_Assignment_: Please output all the entries word for word, without the pictures.

_Exercise materials_:
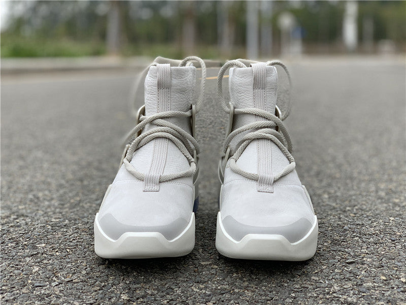 One of the debut colorways comes dressed in a Light Bone color scheme. The high-top performance shoe features a premium leather upper, TPU cage wrapping the heel, a zipper up the heel, long rope laces that wrap the ankle, and a stacked Zoom Air unit in the midsole. Branding is kept to a minimum with a small black Swoosh on the lateral side and tonal Nike Air and Fear of God logos on the heel.
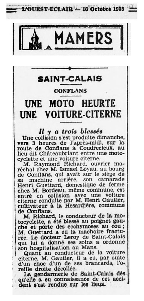 Grâce à la Bibliothèque de GeneaNet, j'ai retrouvé un article de l'Ouest-Eclair évoquant un accident de circulation impliquant mon arrière-grand-père Henri GAUTIER à Conflans-sur-Anille (72) le 13 octobre 1935. Pour le lien permanent vers l'article :...
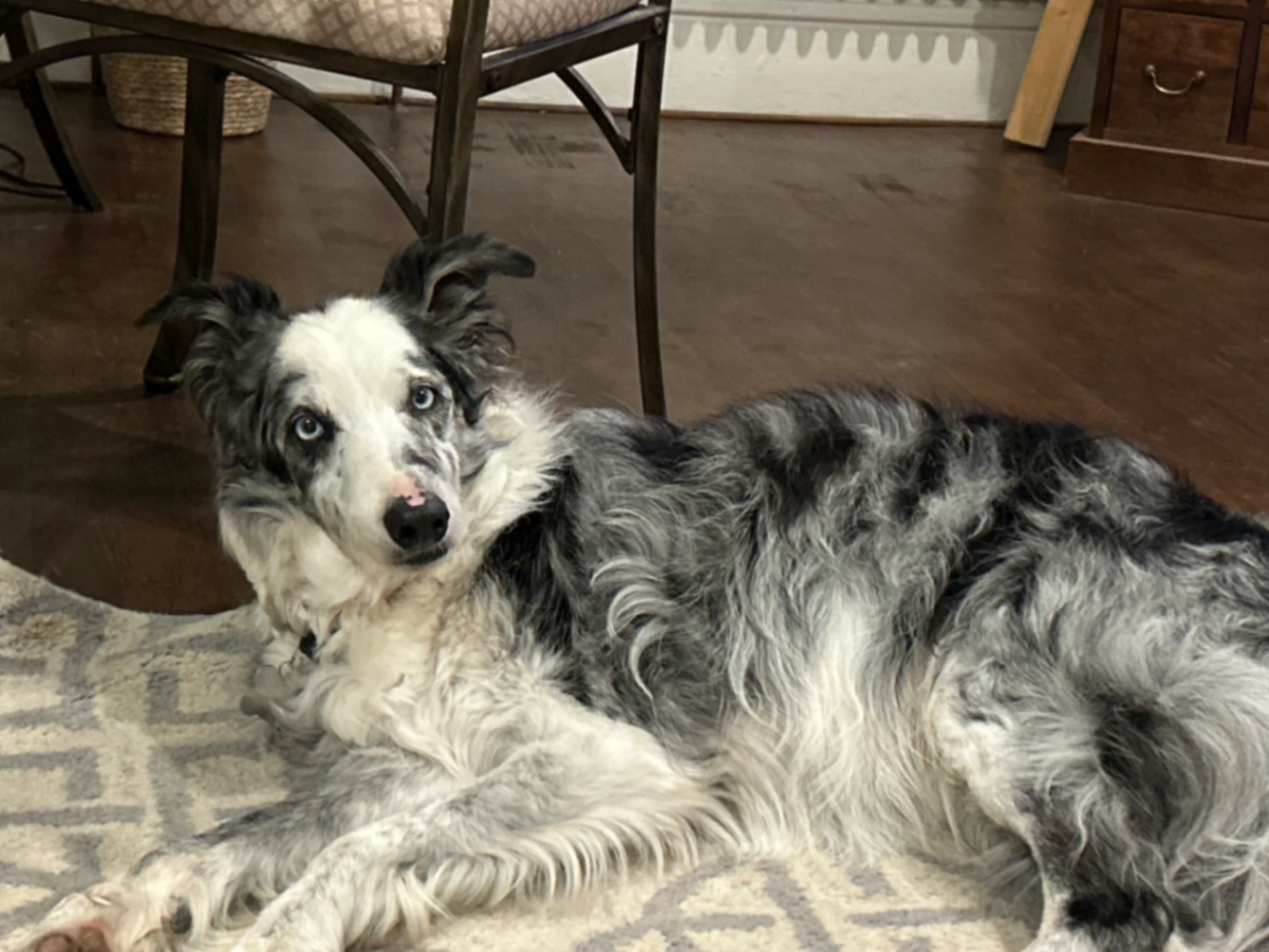 Border collie with blue eyes, grey and white fur. He is 15 so very docile.
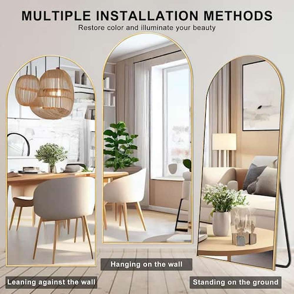 The 32-inch Wide by 71-inch High Oversized Aluminum Alloy Arch Full-Length Gold Wall Mounted Standing Mirror Floor Mirror is a luxurious and versatile addition to any contemporary or elegant interior. Crafted with precision and designed for both style and durability, this mirror combines high-quality materials with a sophisticated aesthetic, making it a perfect focal point in your living space.
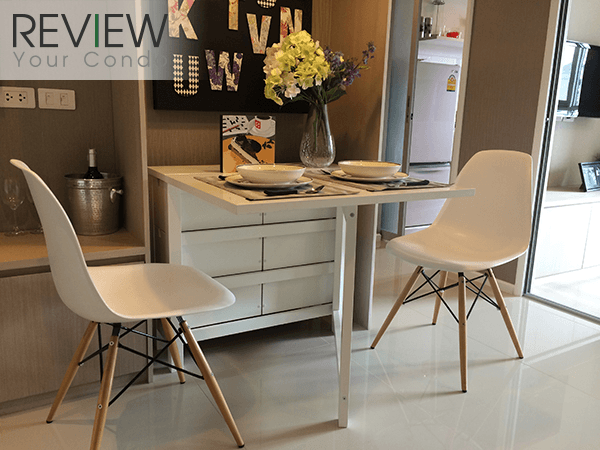 ห้องนี้โต๊ะทานอาหารจะออกมาอยู่ที่ส่วน Living Area ใกล้ๆ กับชั้นวางทีวีนะครับ
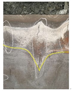 浇铸过程中随着铸坯的下移,黏结区域会沿浇铸方向纵向扩展。同时,结晶器的上下振动会导致黏结处的坯壳出现反复的撕裂和愈合,黏结会沿铸坯宽度方向横向扩展。纵向扩展和横向扩展即为黏结漏钢特有的二维空间传播特征,最终在铸坯表面形成“V”型撕裂口。因此,黏结在铸坯表面扩展形成的“V”型特征区域是判断和识别黏结漏钢的重要依据。针对这一特征,同时借助近年来快速发展和应用广泛的计算机视觉技术对结晶器铜板温度进行可视化处理,从时间和空间角度提取黏结区域的几何和移动特征,构造可表征黏结漏钢“V”型区域的特征向量。如下图所示为铜板表面V型区域实物图和模拟热像图。在此基础上,利用深度学习中的生成对抗网络模型,对真伪黏结特征向量样本进行分类训练和测试,建立了基于计算机视觉和生成对抗网络的漏钢预报方法,为连铸过程异常监控提供了新思路。
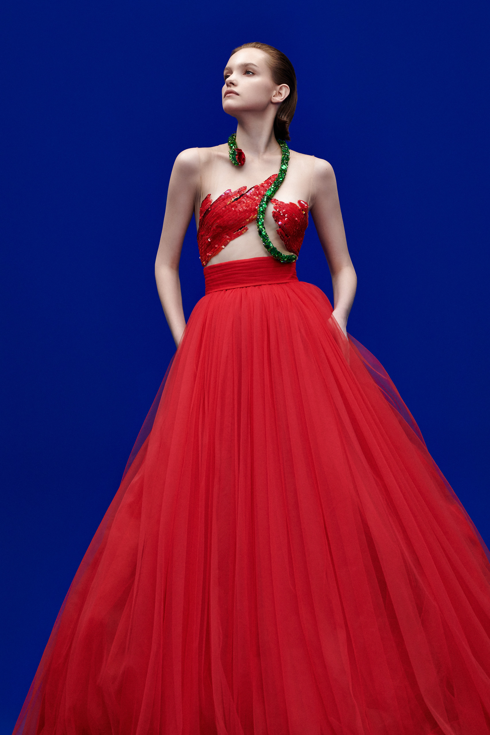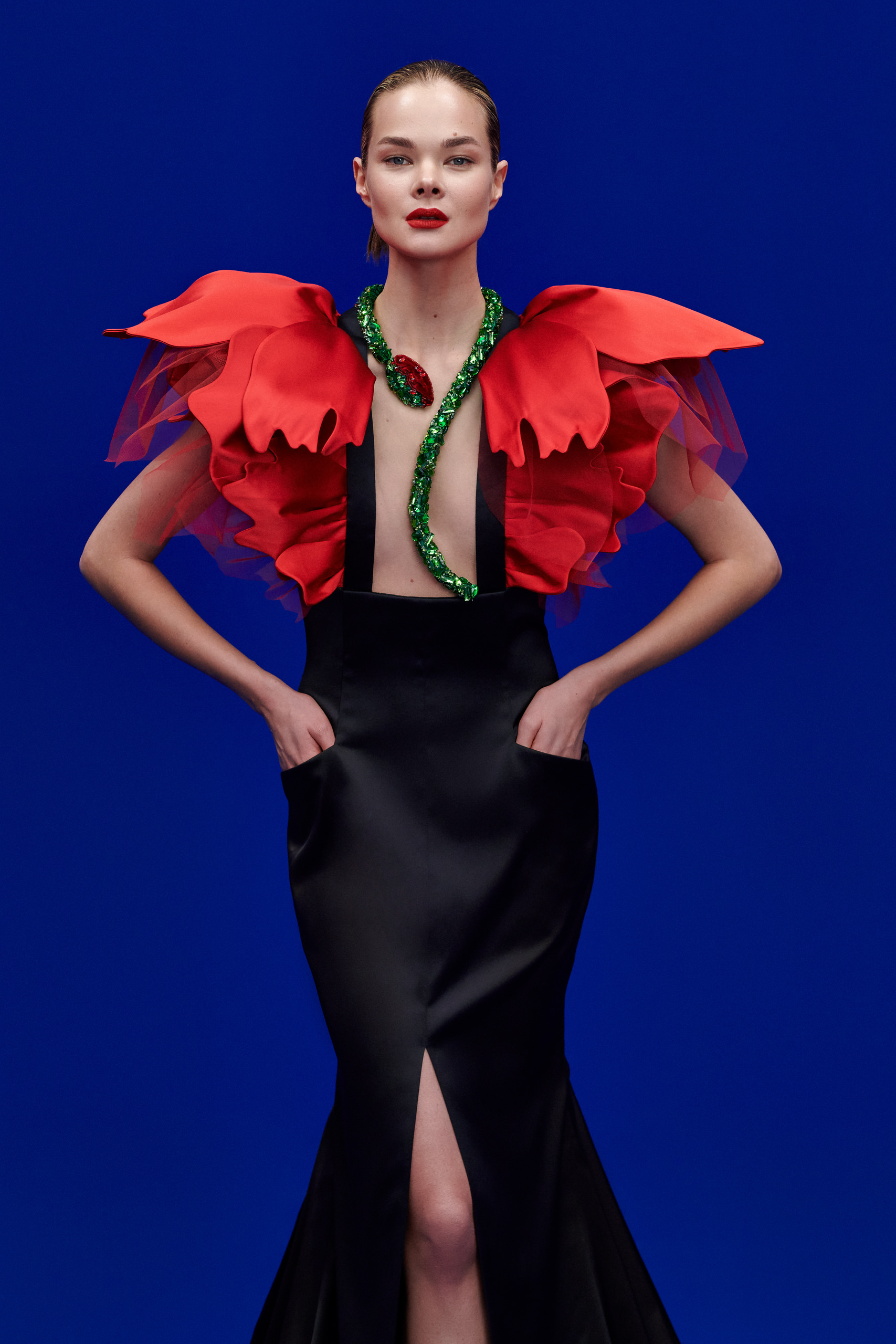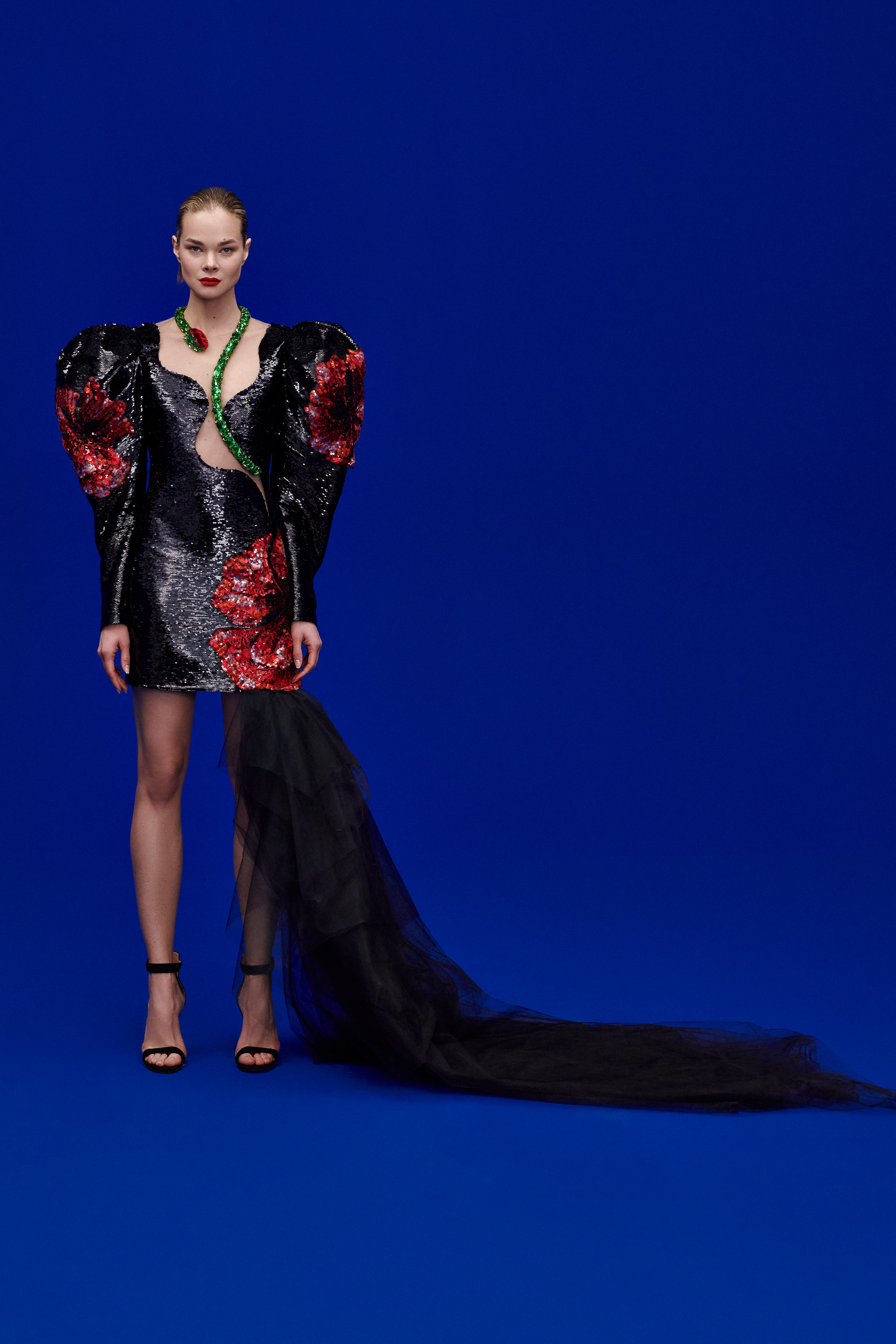 Fabrics and décor for YANINA Couture Spring/Summer 2023 include shining satins, luxurious silk velvets, aristocratic double crepes, weightless voiles and chiffons with hand embroidery, starry sequins and glitters.

_Your solution_:
 One of the debut colorways comes dressed in a Light Bone color scheme. The high-top performance shoe features a premium leather upper, TPU cage wrapping the heel, a zipper up the heel, long rope laces that wrap the ankle, and a stacked Zoom Air unit in the midsole. Branding is kept to a minimum with a small black Swoosh on the lateral side and tonal Nike Air and Fear of God logos on the heel.
 Grâce à la Bibliothèque de GeneaNet, j'ai retrouvé un article de l'Ouest-Eclair évoquant un accident de circulation impliquant mon arrière-grand-père Henri GAUTIER à Conflans-sur-Anille (72) le 13 octobre 1935. Pour le lien permanent vers l'article :...
 Border collie with blue eyes, grey and white fur. He is 15 so very docile.
 The 32-inch Wide by 71-inch High Oversized Aluminum Alloy Arch Full-Length Gold Wall Mounted Standing Mirror Floor Mirror is a luxurious and versatile addition to any contemporary or elegant interior. Crafted with precision and designed for both style and durability, this mirror combines high-quality materials with a sophisticated aesthetic, making it a perfect focal point in your living space.
 ห้องนี้โต๊ะทานอาหารจะออกมาอยู่ที่ส่วน Living Area ใกล้ๆ กับชั้นวางทีวีนะครับ
 浇铸过程中随着铸坯的下移,黏结区域会沿浇铸方向纵向扩展。同时,结晶器的上下振动会导致黏结处的坯壳出现反复的撕裂和愈合,黏结会沿铸坯宽度方向横向扩展。纵向扩展和横向扩展即为黏结漏钢特有的二维空间传播特征,最终在铸坯表面形成“V”型撕裂口。因此,黏结在铸坯表面扩展形成的“V”型特征区域是判断和识别黏结漏钢的重要依据。针对这一特征,同时借助近年来快速发展和应用广泛的计算机视觉技术对结晶器铜板温度进行可视化处理,从时间和空间角度提取黏结区域的几何和移动特征,构造可表征黏结漏钢“V”型区域的特征向量。如下图所示为铜板表面V型区域实物图和模拟热像图。在此基础上,利用深度学习中的生成对抗网络模型,对真伪黏结特征向量样本进行分类训练和测试,建立了基于计算机视觉和生成对抗网络的漏钢预报方法,为连铸过程异常监控提供了新思路。
 Fabrics and décor for YANINA Couture Spring/Summer 2023 include shining satins, luxurious silk velvets, aristocratic double crepes, weightless voiles and chiffons with hand embroidery, starry sequins and glitters.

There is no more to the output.